Both interpretations seem to be sort-of valid for English (I’m not a native speaker). AFAIK it’s valid English to say “a catapult doesn’t accelerate projectiles the way a cannon does”, i.e., it still accelerates projectiles but does it differently, but it’s also valid English to say “neutron stars do not have fusion in their cores the way normal stars do”, i.e., they don’t have fusion in their cores at all. (Saying “X in the same way as Y” rather than the shorter “X the way Y” seems to lean towards the former meaning, but it still seems ambiguous to me.)
So, basically, which one do you mean? From the last part of that paragraph (“if it does”), it seems that we don’t really know. But if we don’t, than why are Reissner-Nordström or Kerr-Newman black holes treated separately from Schwarzschild and Kerr black holes? Wikipedia claims that putting too much charge in one would cause a naked singularity, doesn’t the charge have to bend spacetime to make the horizon go away?

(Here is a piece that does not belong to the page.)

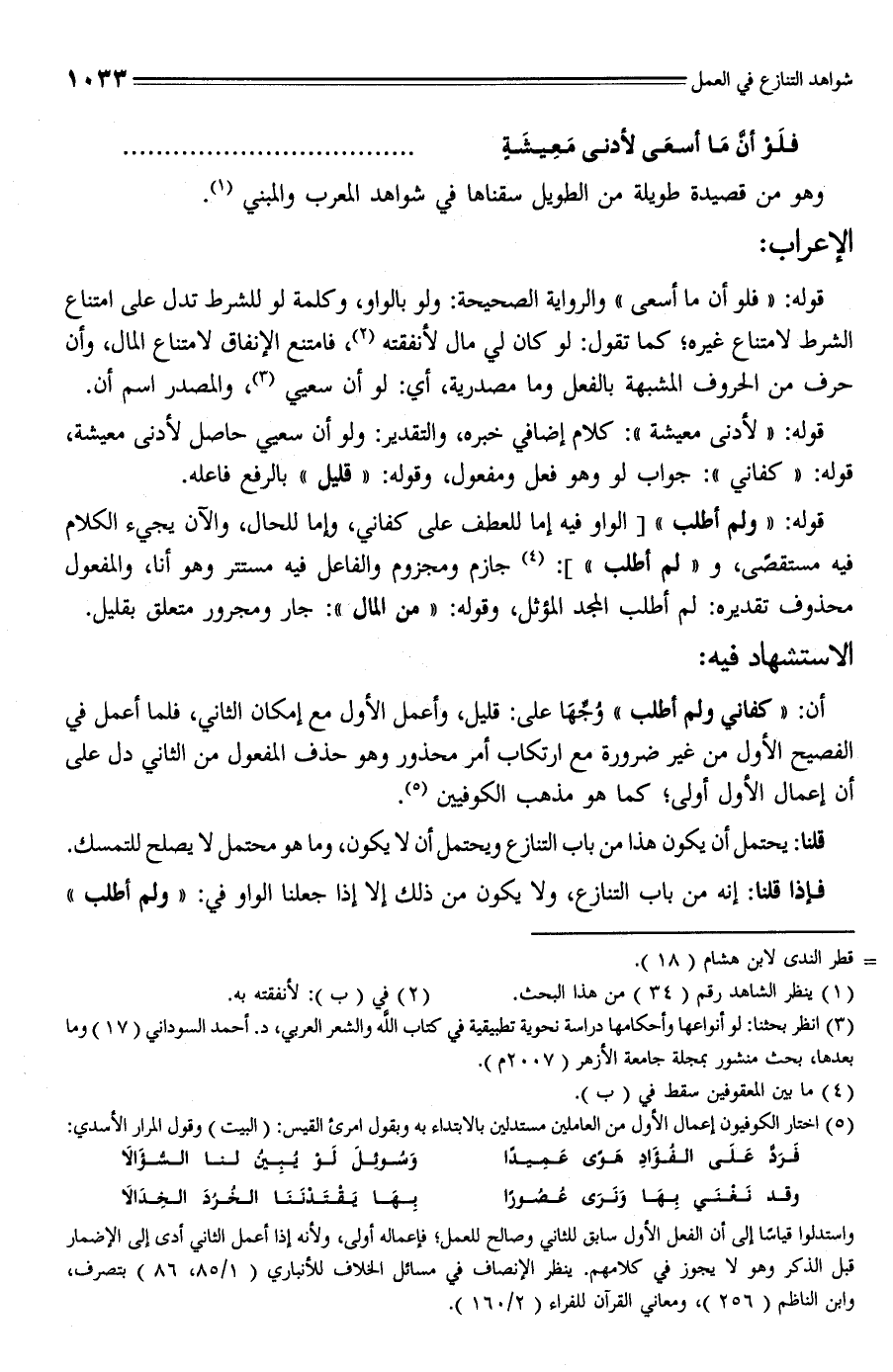 (¬5) اختار الكوفيون إعمال الأول من العاملين مستدلين بالابتداء به وبقول امرئ القيس: (البيت) وقول المرار الأسدي:

I encountered similar ambiguity problems with basically all explanations I could find, and also for other physics questions. One such question that you might have an answer to is: Do superconductors actually have really, trully, honest-to-Omega zero resistance, or is it just low enough that we can ignore it over really long time frames? (I know superconductors per se are a bit outside of your research, but I assume you know a lot more than I do due to the ones used in accelerators, and perhaps a similar question applies to color-superconducting phases of matter you might have had to learn about for your actual day job.)
Re Tipler cylinder (incidentally, discovered by van Stockum). It's one of those eternal solutions you cannot construct in a "normal" spacetime, because any such construction attempt would hit the Cauchy horizon, where the "first" closed timelike curve (CTC) is supposed to appear. I put "first" in quotation marks because the order of events loses meaning in spacetimes with CTCs. Thus, if you attempt to build a large enough cylinder and spin it up, something else will happen before the frame-dragging effect gets large enough to close the time loop. This has been discussed in the published literature, just look up references to the Tipler's papers. Amos Ori spent a fair amount of time trying to construct (theoretically) something like a time-machine out of black holes, with marginal success.